Leave out the pictures and retype, exactly, the lines below from the line with "Zara Womens Sweater" up to and including the line with "如果小区正在公开招投标选聘物", nothing more.

Exercise materials -
┄┄┄┄┄┄┄┄┄┄┄┄┄┄┄┄┄┄┄┄

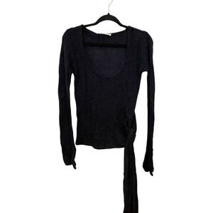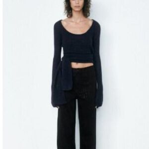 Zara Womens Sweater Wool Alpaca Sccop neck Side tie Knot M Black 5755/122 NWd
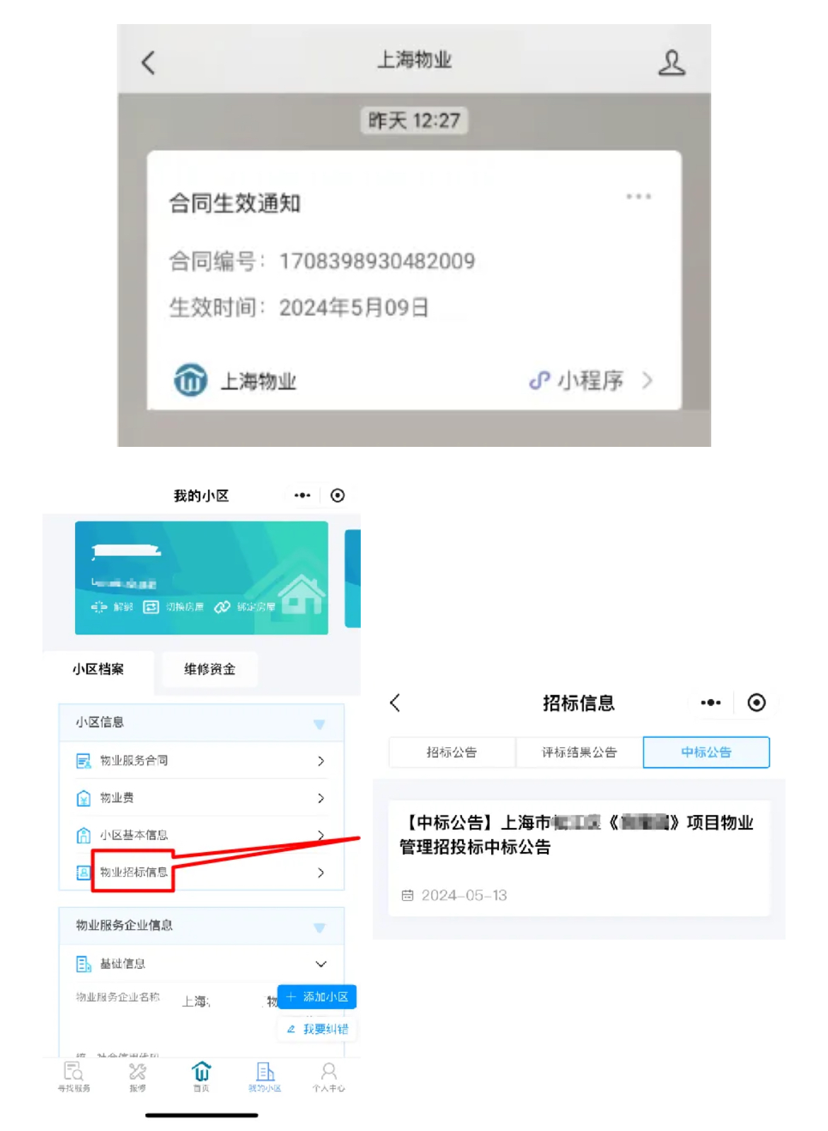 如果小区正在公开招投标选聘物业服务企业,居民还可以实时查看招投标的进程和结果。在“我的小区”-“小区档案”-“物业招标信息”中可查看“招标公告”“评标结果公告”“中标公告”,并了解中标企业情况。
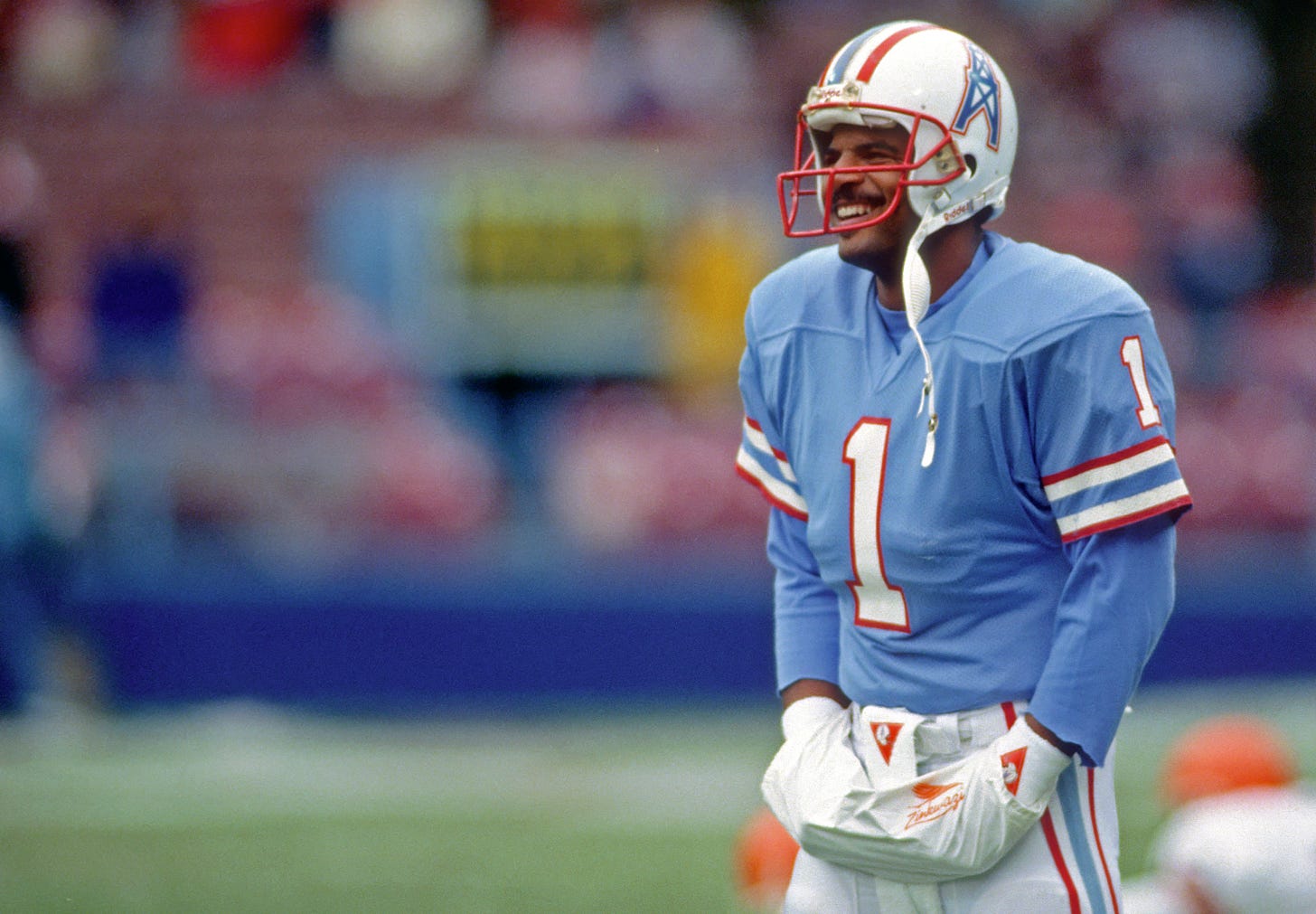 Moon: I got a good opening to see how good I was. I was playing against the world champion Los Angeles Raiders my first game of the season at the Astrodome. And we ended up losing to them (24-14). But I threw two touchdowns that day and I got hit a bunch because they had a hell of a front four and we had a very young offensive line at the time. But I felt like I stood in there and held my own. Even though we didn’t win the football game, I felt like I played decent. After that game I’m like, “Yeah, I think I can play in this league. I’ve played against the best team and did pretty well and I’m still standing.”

┄┄┄┄┄┄┄┄┄┄┄┄┄┄┄┄┄┄┄┄

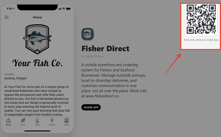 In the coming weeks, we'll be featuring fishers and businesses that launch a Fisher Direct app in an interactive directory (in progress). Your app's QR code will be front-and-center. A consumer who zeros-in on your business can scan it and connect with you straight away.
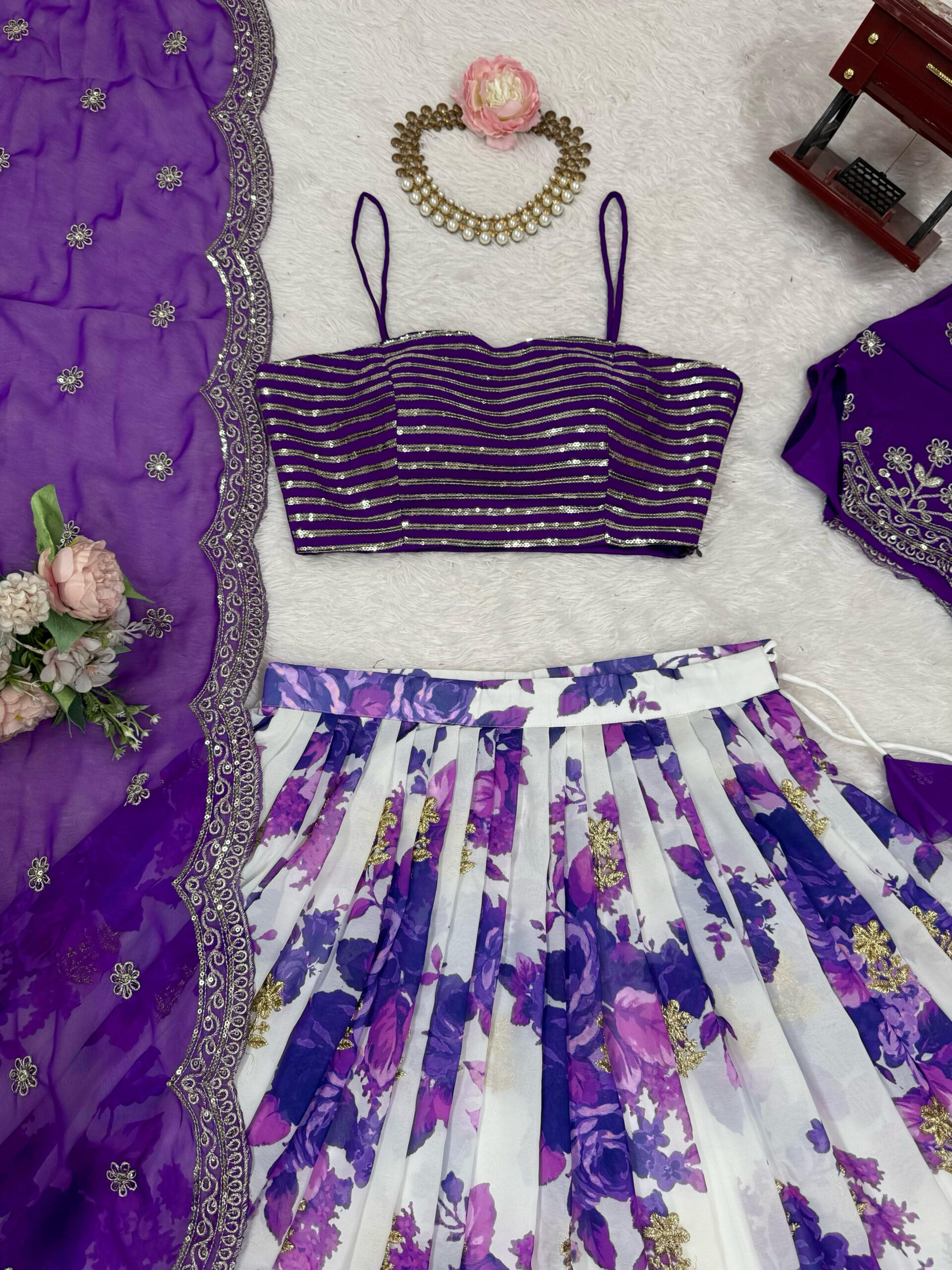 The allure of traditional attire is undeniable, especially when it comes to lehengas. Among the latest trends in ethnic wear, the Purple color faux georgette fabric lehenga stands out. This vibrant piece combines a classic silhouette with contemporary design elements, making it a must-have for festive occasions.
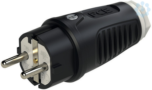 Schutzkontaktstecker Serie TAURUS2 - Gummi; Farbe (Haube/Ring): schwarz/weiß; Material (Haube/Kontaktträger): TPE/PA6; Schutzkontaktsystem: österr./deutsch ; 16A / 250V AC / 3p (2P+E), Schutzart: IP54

┄┄┄┄┄┄┄┄┄┄┄┄┄┄┄┄┄┄┄┄

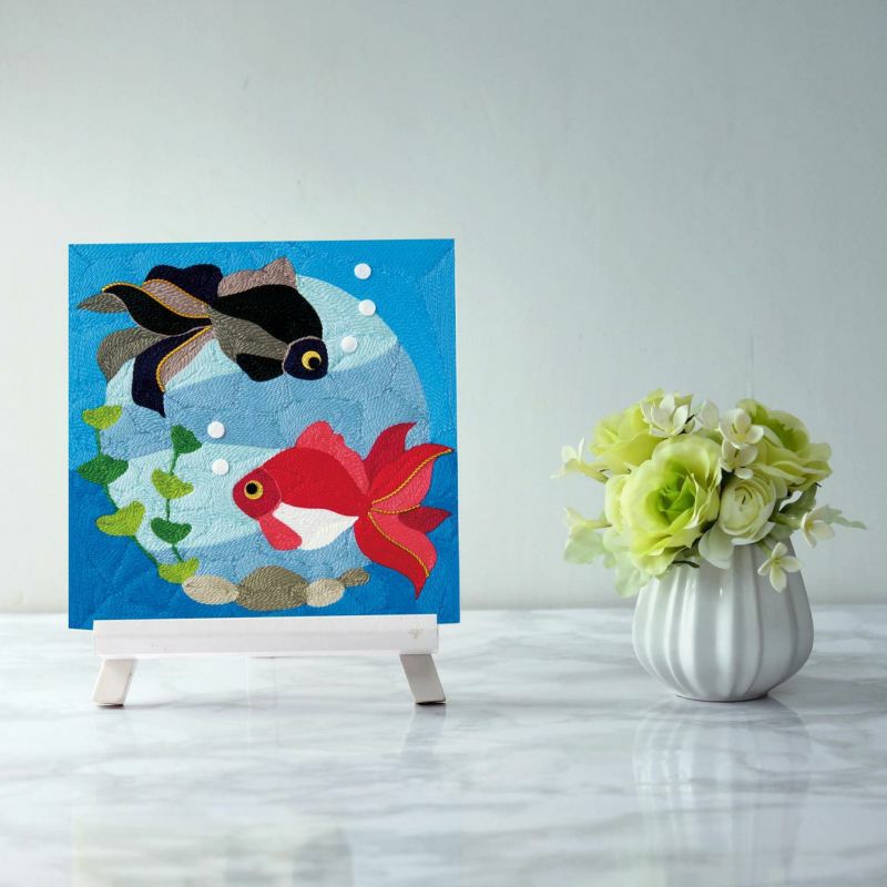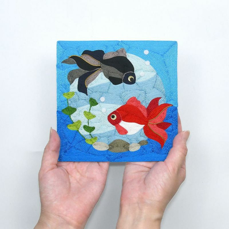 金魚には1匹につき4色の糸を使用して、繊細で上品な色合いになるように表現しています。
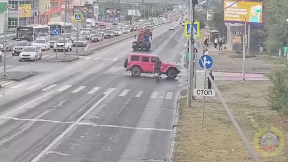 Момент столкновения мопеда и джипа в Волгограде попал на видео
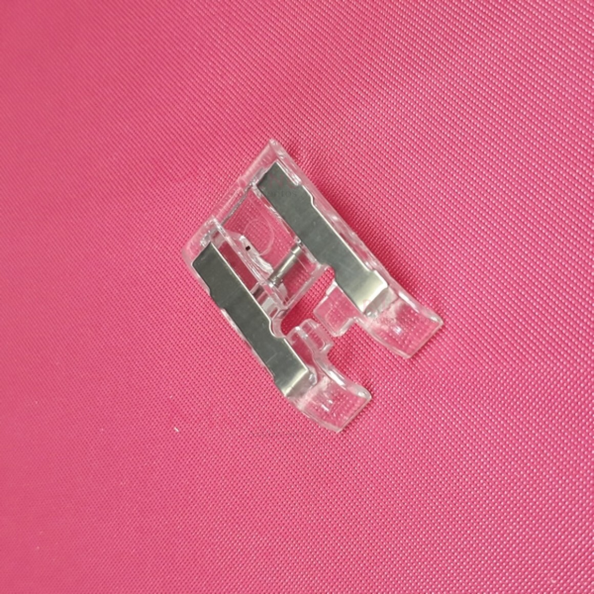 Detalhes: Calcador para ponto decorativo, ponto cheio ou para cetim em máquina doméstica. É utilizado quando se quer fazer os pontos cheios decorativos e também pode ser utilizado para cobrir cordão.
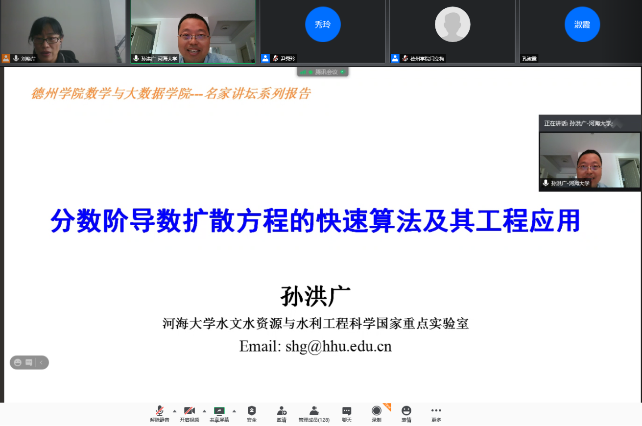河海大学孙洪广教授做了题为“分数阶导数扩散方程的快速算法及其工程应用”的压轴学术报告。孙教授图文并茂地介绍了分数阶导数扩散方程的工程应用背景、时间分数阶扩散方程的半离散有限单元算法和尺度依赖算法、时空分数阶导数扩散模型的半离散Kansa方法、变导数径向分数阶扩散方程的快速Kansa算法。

┄┄┄┄┄┄┄┄┄┄┄┄┄┄┄┄┄┄┄┄

Solution for this problem -
 Zara Womens Sweater Wool Alpaca Sccop neck Side tie Knot M Black 5755/122 NWd
 如果小区正在公开招投标选聘物业服务企业,居民还可以实时查看招投标的进程和结果。在“我的小区”-“小区档案”-“物业招标信息”中可查看“招标公告”“评标结果公告”“中标公告”,并了解中标企业情况。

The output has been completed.